- Born: 3 September 1995 (age 31) Hanoi, Vietnam
- Height: 170 cm (5 ft 7 in)

Gymnastics career
- Discipline: Men's artistic gymnastics
- Country represented: Vietnam;
- Medal record
Representing Vietnam
Asian Games
| Bronze medal – third place | 2014 Incheon | Parallel bars |
Asian Championships
| Bronze medal – third place | 2017 Bangkok | Parallel bars |
| Bronze medal – third place | 2019 Ulaanbaatar | Parallel bars |
Southeast Asian Games
| Gold medal – first place | 2015 Singapore | Team |
| Gold medal – first place | 2015 Singapore | All-around |
| Gold medal – first place | 2015 Singapore | Parallel bars |
| Gold medal – first place | 2015 Singapore | Horizontal bar |
| Gold medal – first place | 2017 Kuala Lumpur | Team |
| Gold medal – first place | 2017 Kuala Lumpur | Parallel bars |
| Gold medal – first place | 2019 Philippines | Parallel bars |
| Gold medal – first place | 2019 Philippines | Horizontal bar |
| Gold medal – first place | 2021 Vietnam | Team |
| Gold medal – first place | 2023 Cambodia | Team |
| Gold medal – first place | 2023 Cambodia | Horizontal bar |
| Gold medal – first place | 2025 Thailand | Men's parallel bars |
| Silver medal – second place | 2019 Philippines | All-around |
| Silver medal – second place | 2017 Kuala Lumpur | Horizontal bar |
| Silver medal – second place | 2023 Cambodia | Parallel bars |
| Bronze medal – third place | 2019 Philippines | Pommel horse |
| Bronze medal – third place | 2021 Vietnam | All-around |
| Bronze medal – third place | 2023 Cambodia | All-around |
| Bronze medal – third place | 2025 Thailand | Horizontal bar |
FIG World Cup
| Event | 1st | 2nd | 3rd |
| Apparatus World Cup | 0 | 0 | 1 |
| World Challenge Cup | 1 | 0 | 0 |
| Total | 1 | 0 | 1 |

= Đinh Phương Thành =

Vietnamese artistic gymnast (born 1995)

Đinh Phương Thành (born 3 September 1995) is a Vietnamese artistic gymnast. He is the 2014 Asian Games bronze medalist in the parallel bars. He is an 11-time SEA Games champion, and he represented Vietnam at the 2020 Summer Olympics.

== Gymnastics career ==
Thành's family put him into gymnastics to improve his health because he was frequently sick as a child. When he was seven, he moved to China to improve his training.

=== 2014–2015 ===
Thành competed at the 2014 Asian Games and helped the Vietnamese team finish fifth. He advanced into the parallel bars final and won the bronze medal behind Yuya Kamoto and Anton Fokin. At the 2015 SEA Games, he helped Vietnam win the team gold medal. He then won the gold medal in the all-around final with a total score of 86.150, becoming the first Vietnamese male artistic gymnast to win the SEA Games all-around title. He won two more gold medals in the parallel bars and horizontal bar final.

=== 2017–2020 ===
At the 2017 Asian Championships, Thành won a bronze medal on the parallel bars. Then at the 2017 SEA Games, he helped Vietnam defend the team title by nearly 14 points. In the event finals, he won a gold medal on the parallel bars and a silver medal on the horizontal bar. He won a gold medal on the parallel bars at the 2018 Koper World Challenge Cup. He then competed at the 2018 Asian Games and helped Vietname finish fifth in the team event.
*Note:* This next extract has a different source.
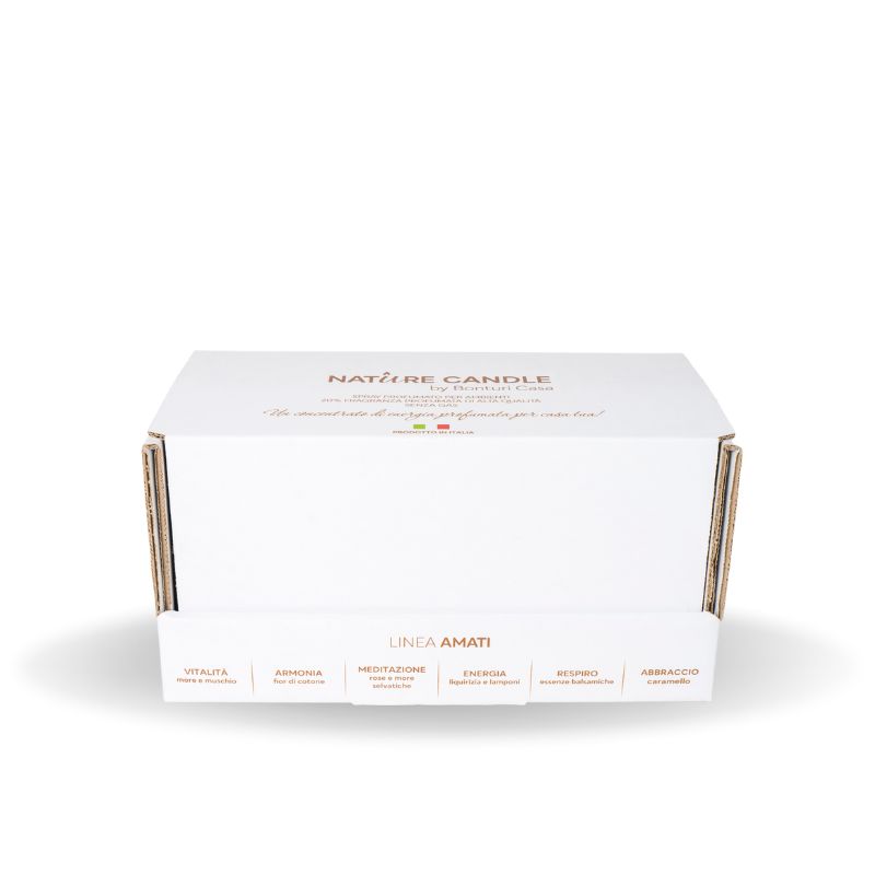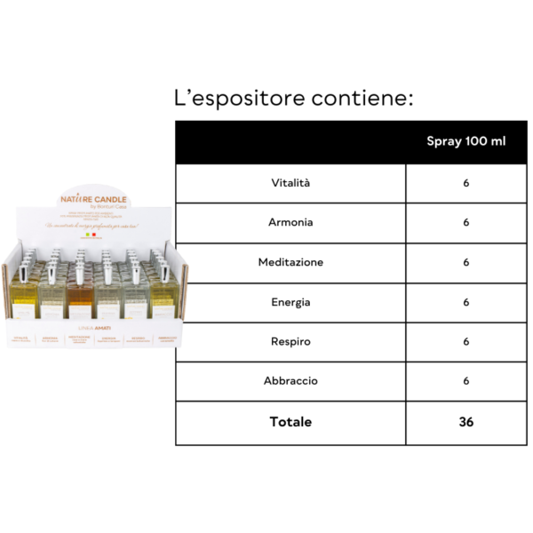 Valorizza gli Spray Ambiente Naturali con l’Espositore Spray Ambiente della Collezione Amati di Nature Candle. Questo elegante espositore presenta gli spray che diffondono delicate fragranze, creando un’atmosfera avvolgente e accogliente nell’ambiente. Invita i tuoi clienti a scoprire l’arte di creare momenti memorabili con le fragranze raffinate e sofisticate della collezione “Amati”.
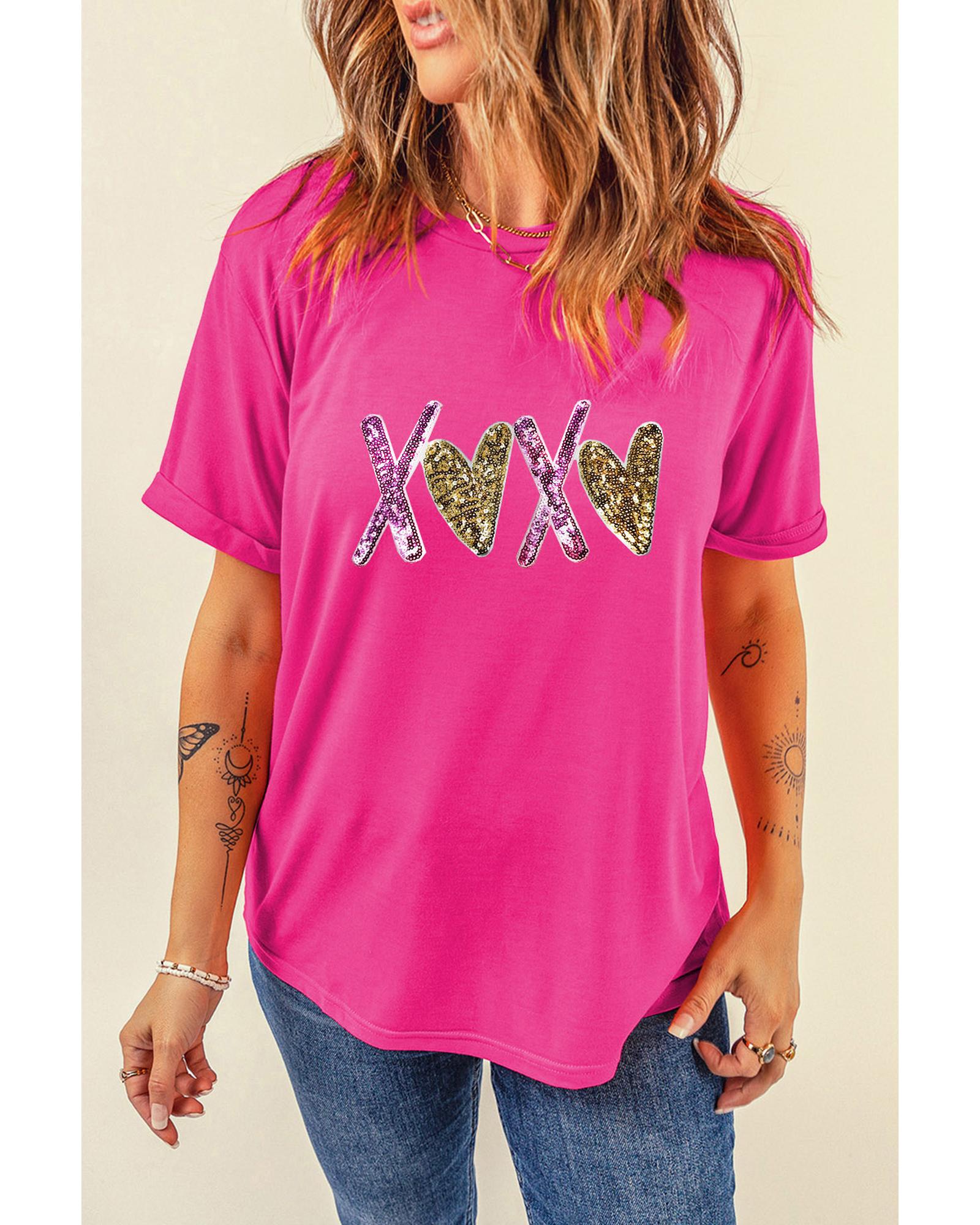 Rose Red Heart XOXO Graphic Crewneck Valentines T Shirt – S

Thành won his second consecutive parallel bars bronze medal at the 2019 Asian Championships. Then at the 2019 SEA Games, he won the all-around silver medal behind Carlos Yulo. In the event finals, he won gold medals on the parallel bars and horizontal bar and a bronze medal on the pommel horse. He won the parallel bars bronze medal at the 2020 Melbourne World Cup.

=== 2021–2025 ===
Because the 2021 Asian Championships were canceled due to the COVID-19 pandemic, the two Olympic berths that would have been awarded there were reallocated based on the results of the 2019 World Championships, and Thành received one of the spots. At the 2020 Summer Olympics, he only competed on the parallel bars and did not advance into the final.

Thành competed at the 2021 SEA Games and helped Vietnam win the team title, and he won the all-around bronze medal behind Carlos Yulo and teammate Lê Thanh Tùng. In the event finals, he won gold medals on both the parallel bars and the horizontal bar. Then at the 2023 SEA Games, he helped Vietnam defend its team title, and he won another all-around bronze medal, once again behind Yulo and Lê. He successfully defended his horizontal bar title but lost in the parallel bars final to Yulo.

Thành finished fourth in the parallel bars final at the 2025 Asian Championships.